▶ Task to carry out
Transcribe exactly the lines below that begin at the line with "Mesa de Trabalho da Fundação da ITGA, 1984" and stop after the line with "Frédéric Chopin dessin", leaving out every picture.

** Record excerpts follows **

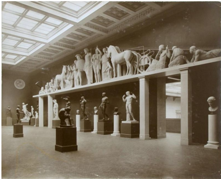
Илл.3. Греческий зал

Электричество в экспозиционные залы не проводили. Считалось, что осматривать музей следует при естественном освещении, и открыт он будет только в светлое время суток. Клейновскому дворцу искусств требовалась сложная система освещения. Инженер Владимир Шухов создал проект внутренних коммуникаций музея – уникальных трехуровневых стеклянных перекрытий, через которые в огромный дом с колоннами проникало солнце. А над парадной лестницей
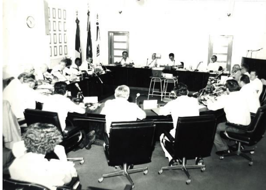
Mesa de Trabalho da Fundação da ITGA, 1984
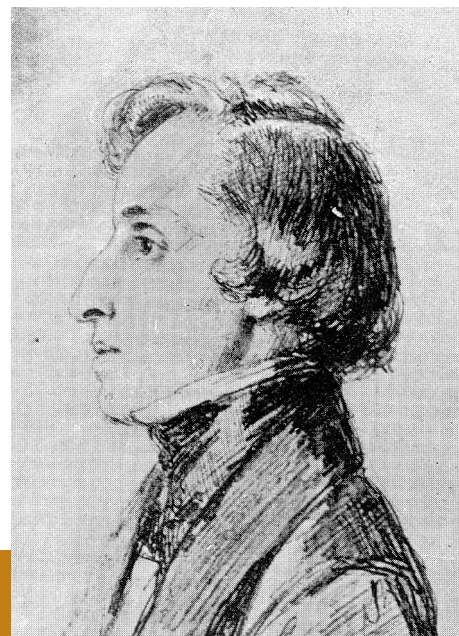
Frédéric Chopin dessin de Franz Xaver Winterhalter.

** End of Record excerpts **
** Record excerpts follows **

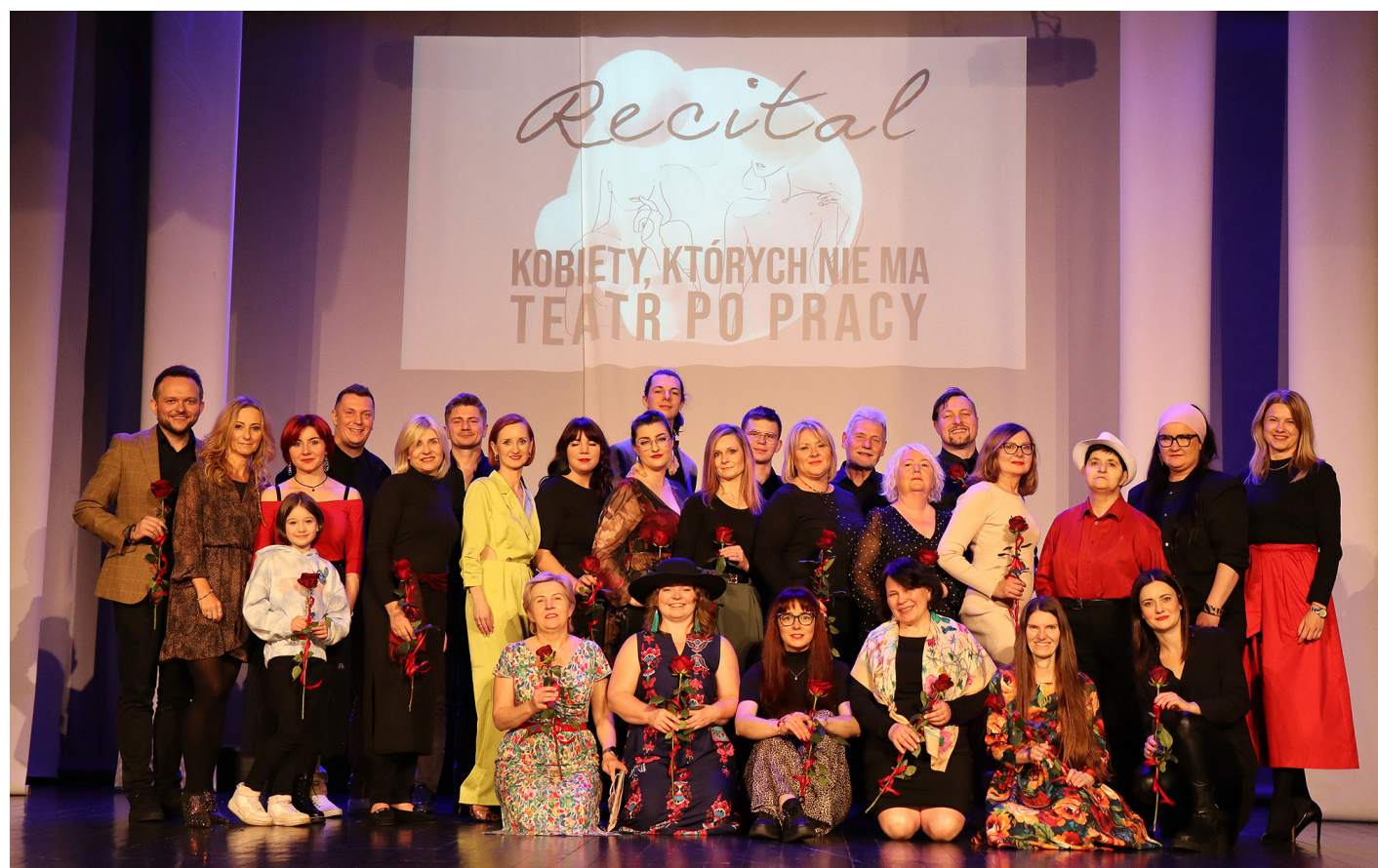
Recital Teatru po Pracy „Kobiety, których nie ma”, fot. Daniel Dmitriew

** End of Record excerpts **

▶ Response
Mesa de Trabalho da Fundação da ITGA, 1984
Frédéric Chopin dessin de Franz Xaver Winterhalter.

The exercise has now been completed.